* [TASK GOAL]: Pictures excluded, copy word for word the lines from the one holding "アメリカで買い付けてきました" through the last line below.

* [DATA BLOCK]:
**********
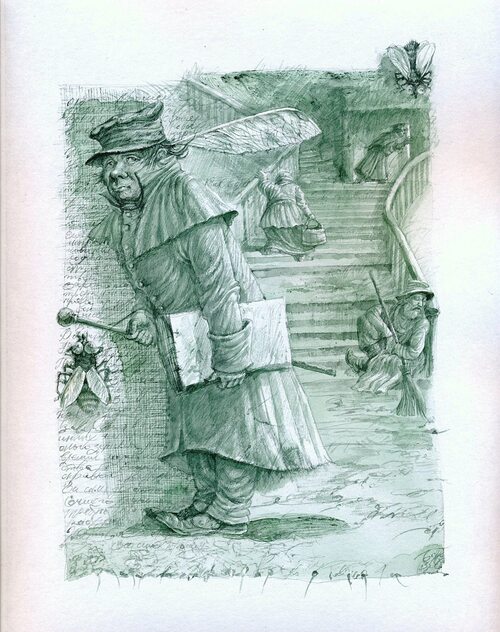 Вторая иллюстрация позволяет увидеть главного героя вне рабочей обстановки. На картине изображен городской пейзаж, по которому герой грустно прогуливается, одетый в свою знаменитую шинель.
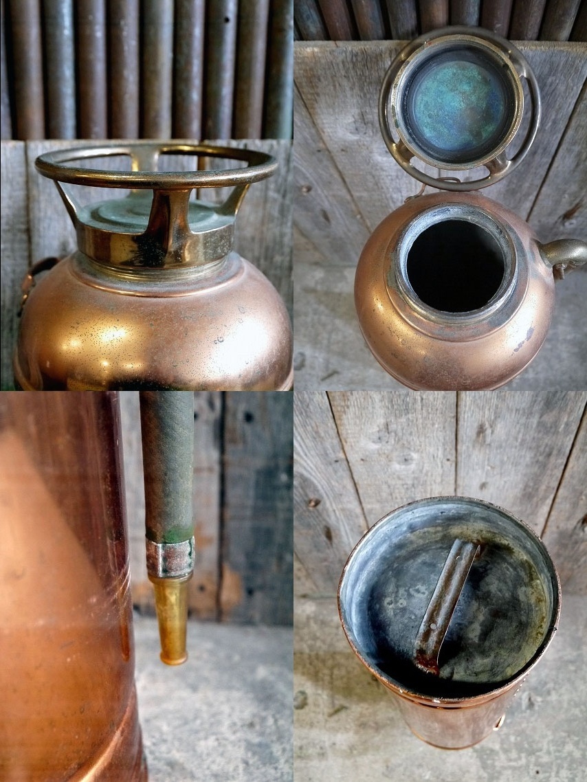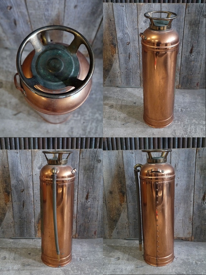 アメリカで買い付けてきましたアンティークのQUICK AIDメタル消火器です。重厚感のあるメタルの風合いとアメリカンなプレートロゴ&デザインが抜群の雰囲気がありますのでディスプレイにおすすめです。中身は入っていません。オリジナルのホースで、内側容器は付属しません。年代の表記はありませんがデザインから1940年代頃になるかと思います。状態ですが、多少の傷、画像の様にフロントプレートに歪みや汚れやホースの多少の硬化劣化、錆びなどはみられるもの全体的にはアンティークならでの雰囲気でディスプレイには問題ない状態で良いです。あくまでアンティークジャンクになりますのでご理解いただける方のご購入をよろしくお願い致します。
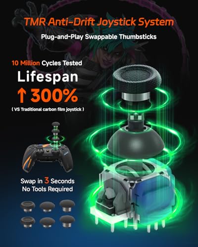 Módulo de joystick mejorado: el joystick electromagnético TMR ofrece un rendimiento antideriva awesome sobre el efecto Corridor; incluye 3 pares de tapas intercambiables (cóncavas/abovedadas/altas); el reemplazo sin herramientas se adapta a diferentes estilos de agarre
**********
* [RESPONSE]:
 アメリカで買い付けてきましたアンティークのQUICK AIDメタル消火器です。重厚感のあるメタルの風合いとアメリカンなプレートロゴ&デザインが抜群の雰囲気がありますのでディスプレイにおすすめです。中身は入っていません。オリジナルのホースで、内側容器は付属しません。年代の表記はありませんがデザインから1940年代頃になるかと思います。状態ですが、多少の傷、画像の様にフロントプレートに歪みや汚れやホースの多少の硬化劣化、錆びなどはみられるもの全体的にはアンティークならでの雰囲気でディスプレイには問題ない状態で良いです。あくまでアンティークジャンクになりますのでご理解いただける方のご購入をよろしくお願い致します。
 Módulo de joystick mejorado: el joystick electromagnético TMR ofrece un rendimiento antideriva awesome sobre el efecto Corridor; incluye 3 pares de tapas intercambiables (cóncavas/abovedadas/altas); el reemplazo sin herramientas se adapta a diferentes estilos de agarre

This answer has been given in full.